What else but stand up for our children?

What else but stand up for our children?

When 23-year-old Jyoti Singh was raped by six people in a bus and brutally murdered in 2012 in India, it caused huge public unrest and many people took to the streets in protest.

On the other hand, the dominant mentality in society questioned why a “decent girl” was out, wandering the streets at night. During the heated and loud debates, one friend of Singh’s calmly uttered these remarkable words: “The law should punish criminals, otherwise they are fearless. But, will the society change when we remove a monster out of the society? No, it will not. The people of this society and their mentalities need to change.”

Well, will our society change because we have removed the Karaman abuser from the society? No, it will not. 
Others need to change. For instance, the parents who marry off their daughters as soon as they reach puberty, religion teachers who are obsessed with girls’ outfits, principals who want to separate school buildings for boys and girls, people who protect the abusers and the rapists, the prosecutors who demand releases for these same people, the judges who search for “consent” in abuse cases and who fill their rulings with reductions… Also, the politicians and opinion leaders who do not allow the questioning or criticizing of confined institutions that generate violence and abuse because of their very nature, as the whole world agrees; all of their mentalities should change. 

Because even if we remove the Karaman monster out of society, when we look back at society we will see a thousand others in his place.  

It has been weeks that my inbox has been filled with emails from mothers whose children have been abused. Some of them have been seeking justice for years; some others are at the brink of losing their mental health. Some are fighting without the support of one single person. 

They have moved heaven and earth to protect their child but they need to prove again and again that they are good mothers because after the incident society tells them, “This is because of you. You were unable to protect your child.”

When they explain the incident, they return to the same details again and again. Not the details of the abuse, but the negligence, the unfairness in the trial, the injustices, the support services they could not access. 

Many of them do not have a lawyer. Some of them have educated themselves as good as a lawyer. 
When trust is lost in a society, that society is bound to fall sick and collapse. We are infected to an extent that is concerning. The virus is the widespread mentality. Without changing this mentality, no cure is possible.  

It is up to those who rule this country to change the mentality; but they need to have the intention to do so. They should stop defending this and that. It is the state’s duty to educate the child, the parent, the prosecutor and the judge; in short, everybody. It is the state’s duty to audit institutions. It is the state’s duty to provide support services for the victims. 
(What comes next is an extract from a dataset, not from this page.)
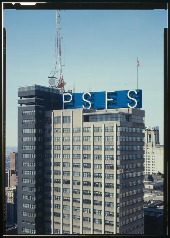 1985年的PSFS大楼杰克·E·布歇尔/历史美国建筑调查,国会图书馆自1932年这座最初是费城储蓄基金协会的塔楼开放以来,27英尺高的霓虹字母“PSFS”便在费城天际线上闪耀。作为全国首批现代摩天大楼之一,它于2000年以1.15亿美元和税收抵免改建为洛伊斯费城酒店。
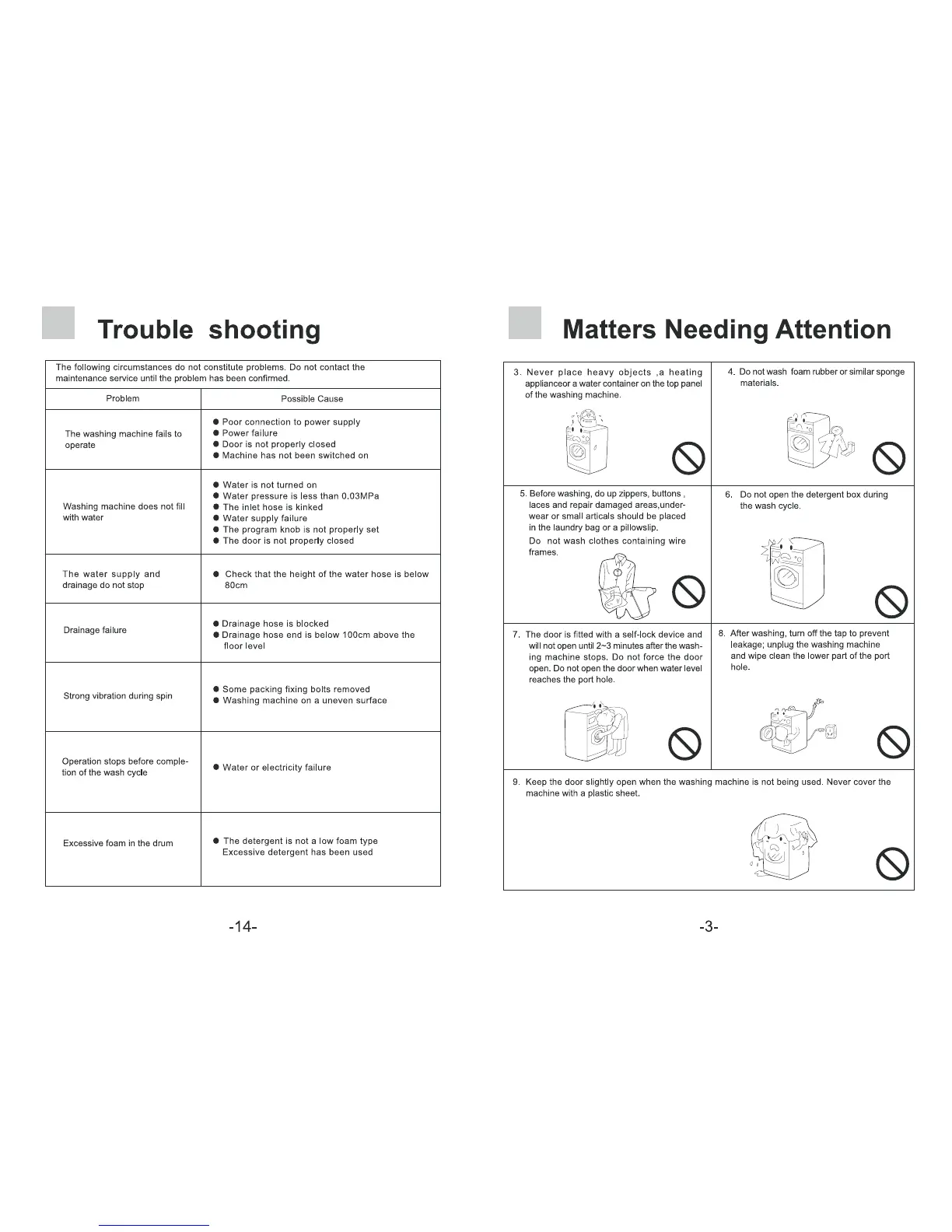 Haier HBF655TE - Trouble shooting; Problem Identification and Solutions; Matters Needing Attention - Operation; Usage Safety and Precautions

It is the state’s duty to correct the laws. The simplest one is the law that allows early marriages. How many years it has been? Why hasn’t the legislation been harmonized with international treaties? Why? 

They should leave aside irrelevant defenses such as “We will not tolerate political abuse,” but act immediately.

Because as it is, modern Turkish society cannot be considered very different from a Turkey in the age of ignorance, when they buried new born girls alive. 

Is it possible to talk about any success of a state that fails to provide that each child is raised in an honorable, healthy, peaceful and secure environment? 

If we don’t stand up for our children, then for what else are we going to?